### Dataset section
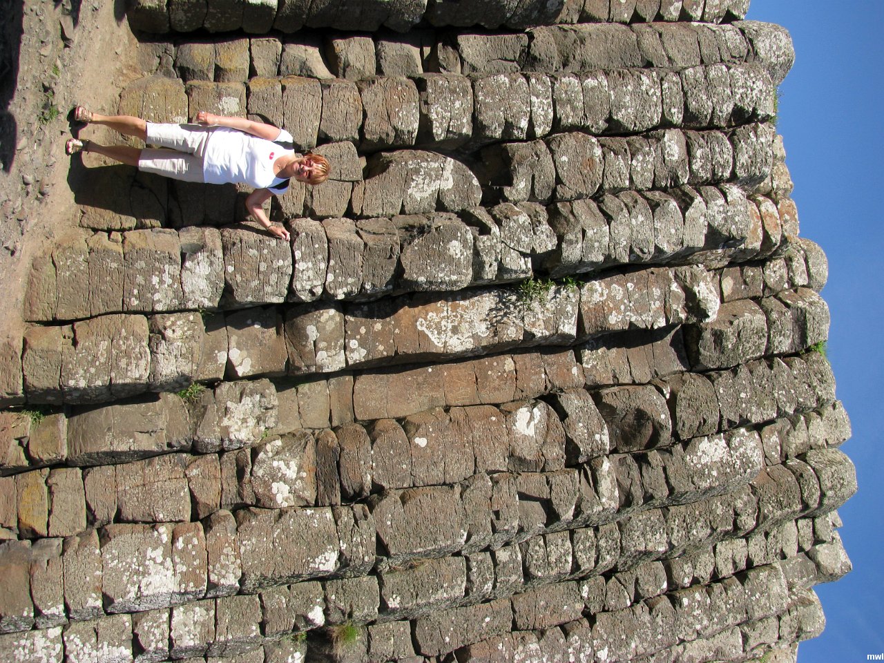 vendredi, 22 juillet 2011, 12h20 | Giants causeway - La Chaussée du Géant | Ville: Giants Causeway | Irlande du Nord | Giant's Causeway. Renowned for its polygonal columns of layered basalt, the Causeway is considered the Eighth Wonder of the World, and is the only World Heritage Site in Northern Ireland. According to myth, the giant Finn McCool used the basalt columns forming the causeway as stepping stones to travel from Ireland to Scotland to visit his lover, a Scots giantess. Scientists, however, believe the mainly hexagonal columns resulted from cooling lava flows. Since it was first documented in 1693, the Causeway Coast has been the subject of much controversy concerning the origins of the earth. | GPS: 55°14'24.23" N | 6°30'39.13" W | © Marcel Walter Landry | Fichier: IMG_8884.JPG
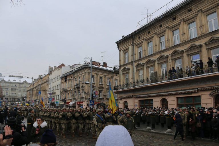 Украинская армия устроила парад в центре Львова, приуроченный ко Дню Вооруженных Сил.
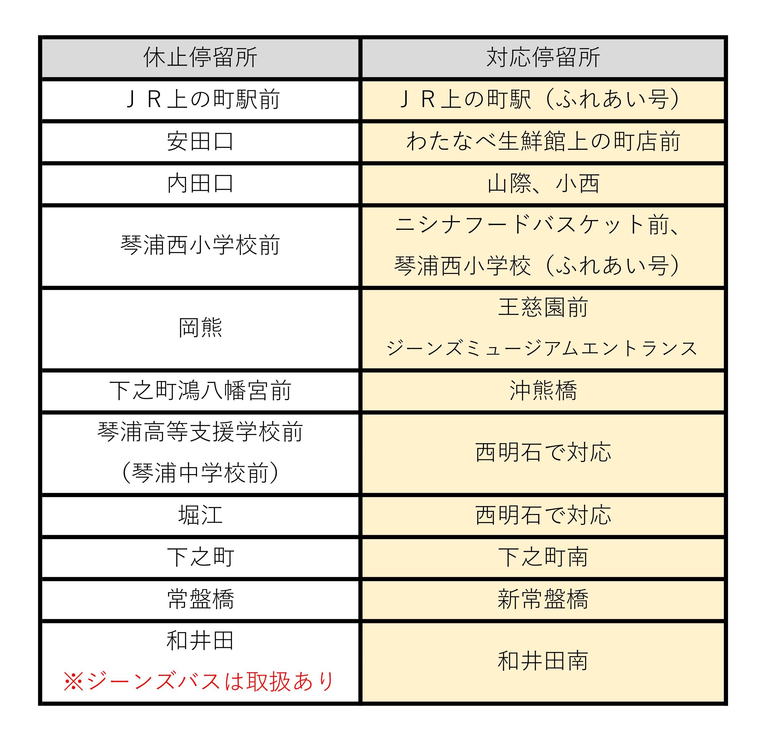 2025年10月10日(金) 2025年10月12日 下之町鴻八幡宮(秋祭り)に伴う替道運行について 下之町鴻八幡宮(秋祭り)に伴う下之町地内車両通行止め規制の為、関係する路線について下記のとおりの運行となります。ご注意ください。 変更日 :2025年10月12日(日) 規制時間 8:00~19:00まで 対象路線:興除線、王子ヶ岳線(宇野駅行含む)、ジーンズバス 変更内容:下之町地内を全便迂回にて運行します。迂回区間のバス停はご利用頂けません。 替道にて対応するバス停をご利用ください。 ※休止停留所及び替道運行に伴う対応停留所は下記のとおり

### Task brief
Could you repeat all of the material exactly? Pictures should not be copied.

### Your solution
 vendredi, 22 juillet 2011, 12h20 | Giants causeway - La Chaussée du Géant | Ville: Giants Causeway | Irlande du Nord | Giant's Causeway. Renowned for its polygonal columns of layered basalt, the Causeway is considered the Eighth Wonder of the World, and is the only World Heritage Site in Northern Ireland. According to myth, the giant Finn McCool used the basalt columns forming the causeway as stepping stones to travel from Ireland to Scotland to visit his lover, a Scots giantess. Scientists, however, believe the mainly hexagonal columns resulted from cooling lava flows. Since it was first documented in 1693, the Causeway Coast has been the subject of much controversy concerning the origins of the earth. | GPS: 55°14'24.23" N | 6°30'39.13" W | © Marcel Walter Landry | Fichier: IMG_8884.JPG
 Украинская армия устроила парад в центре Львова, приуроченный ко Дню Вооруженных Сил.
 2025年10月10日(金) 2025年10月12日 下之町鴻八幡宮(秋祭り)に伴う替道運行について 下之町鴻八幡宮(秋祭り)に伴う下之町地内車両通行止め規制の為、関係する路線について下記のとおりの運行となります。ご注意ください。 変更日 :2025年10月12日(日) 規制時間 8:00~19:00まで 対象路線:興除線、王子ヶ岳線(宇野駅行含む)、ジーンズバス 変更内容:下之町地内を全便迂回にて運行します。迂回区間のバス停はご利用頂けません。 替道にて対応するバス停をご利用ください。 ※休止停留所及び替道運行に伴う対応停留所は下記のとおり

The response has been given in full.